|
Hain attacks Welsh separatists
Wales would be hit by massive tax rises if became independent from Britain, Peter Hain has warned.
The Welsh secretary claimed English taxpayers would stop subsidising Wales if it ceased to be a part of the UK.
He used a speech to students in Cardiff to attack Plaid Cymru as "backward-looking".
Hain argued that separatists have failed to tell voters that a break from the UK would bring soaring taxes, interest rates and inflation in order to match funding for public services which is 18 per cent higher than in England.
"The truth is that richer English taxpayers are helping finance programmes to tackle much higher levels of Welsh ill-health and deprivation," Hain said.
"Independence would deny Wales the ability to benefit from the record British public investment and spending now flowing into our communities.
"There is an historic gap between what is spent and what is raised in tax in Wales.
"In an independent Wales that gap would have to be funded from higher Welsh taxation and higher Welsh borrowing leading to higher Welsh interest rates and higher Welsh inflation," he said.
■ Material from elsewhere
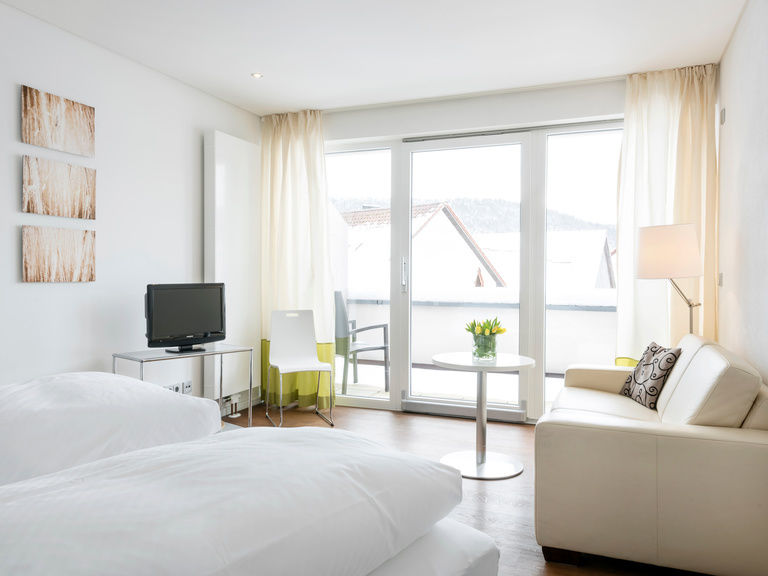 Helle, moderne Deluxe-Zimmer mit hochwertigen Eichenholzböden und schönem Balkon.

Hain's speech is a response to an intervention from Plaid Cymru leader Ieuan Wyn Jones, who this week called for the Welsh assembly to be made into a full parliament with powers to set taxes and pass primary legislation.
"They are out of touch what Welsh people feel about their identity. They fail to understand the people of Wales are not only proud to be Welsh, but proud to be British as well," Hain warned.